> _ABOUT THIS TASK_: Only one stretch of the data below is needed. Output the lines from the one with "Pendleton Womens Harding" up to and including the one with "Digital Sheet Music", exactly as they stand.

> _DATA SHOWN_:
____

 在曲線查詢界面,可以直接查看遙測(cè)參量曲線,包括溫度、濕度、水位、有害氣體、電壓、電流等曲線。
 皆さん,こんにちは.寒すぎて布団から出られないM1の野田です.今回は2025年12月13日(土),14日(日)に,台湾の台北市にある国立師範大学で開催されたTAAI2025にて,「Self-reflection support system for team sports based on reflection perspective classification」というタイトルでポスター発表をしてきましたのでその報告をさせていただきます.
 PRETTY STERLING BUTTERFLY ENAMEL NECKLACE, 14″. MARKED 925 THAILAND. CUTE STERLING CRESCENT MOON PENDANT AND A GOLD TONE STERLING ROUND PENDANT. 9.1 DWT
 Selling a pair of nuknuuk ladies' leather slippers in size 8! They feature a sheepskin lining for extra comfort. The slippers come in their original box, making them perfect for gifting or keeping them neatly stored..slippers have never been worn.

____

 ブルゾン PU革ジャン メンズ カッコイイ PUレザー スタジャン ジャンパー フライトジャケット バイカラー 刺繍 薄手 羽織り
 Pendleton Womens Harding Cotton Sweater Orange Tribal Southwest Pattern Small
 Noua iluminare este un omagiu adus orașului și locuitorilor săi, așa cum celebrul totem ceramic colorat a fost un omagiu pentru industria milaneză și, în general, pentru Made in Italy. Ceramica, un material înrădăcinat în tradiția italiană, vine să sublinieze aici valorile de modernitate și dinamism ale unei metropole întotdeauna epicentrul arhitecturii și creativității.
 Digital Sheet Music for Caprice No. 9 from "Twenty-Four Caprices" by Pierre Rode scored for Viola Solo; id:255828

____

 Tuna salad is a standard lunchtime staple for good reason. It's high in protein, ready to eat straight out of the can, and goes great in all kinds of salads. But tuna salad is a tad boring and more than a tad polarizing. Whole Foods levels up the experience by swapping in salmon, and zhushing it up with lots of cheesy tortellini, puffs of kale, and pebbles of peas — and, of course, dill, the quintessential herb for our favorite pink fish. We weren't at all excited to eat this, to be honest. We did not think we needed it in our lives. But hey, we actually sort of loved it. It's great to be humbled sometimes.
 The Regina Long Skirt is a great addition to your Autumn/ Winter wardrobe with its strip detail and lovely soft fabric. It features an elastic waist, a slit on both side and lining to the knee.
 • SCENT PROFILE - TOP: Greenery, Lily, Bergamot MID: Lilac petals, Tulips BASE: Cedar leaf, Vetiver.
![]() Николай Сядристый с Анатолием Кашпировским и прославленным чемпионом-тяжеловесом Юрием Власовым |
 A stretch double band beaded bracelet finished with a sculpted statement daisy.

____

> _YOUR SOLUTION_:
 Pendleton Womens Harding Cotton Sweater Orange Tribal Southwest Pattern Small
 Noua iluminare este un omagiu adus orașului și locuitorilor săi, așa cum celebrul totem ceramic colorat a fost un omagiu pentru industria milaneză și, în general, pentru Made in Italy. Ceramica, un material înrădăcinat în tradiția italiană, vine să sublinieze aici valorile de modernitate și dinamism ale unei metropole întotdeauna epicentrul arhitecturii și creativității.
 Digital Sheet Music for Caprice No. 9 from "Twenty-Four Caprices" by Pierre Rode scored for Viola Solo; id:255828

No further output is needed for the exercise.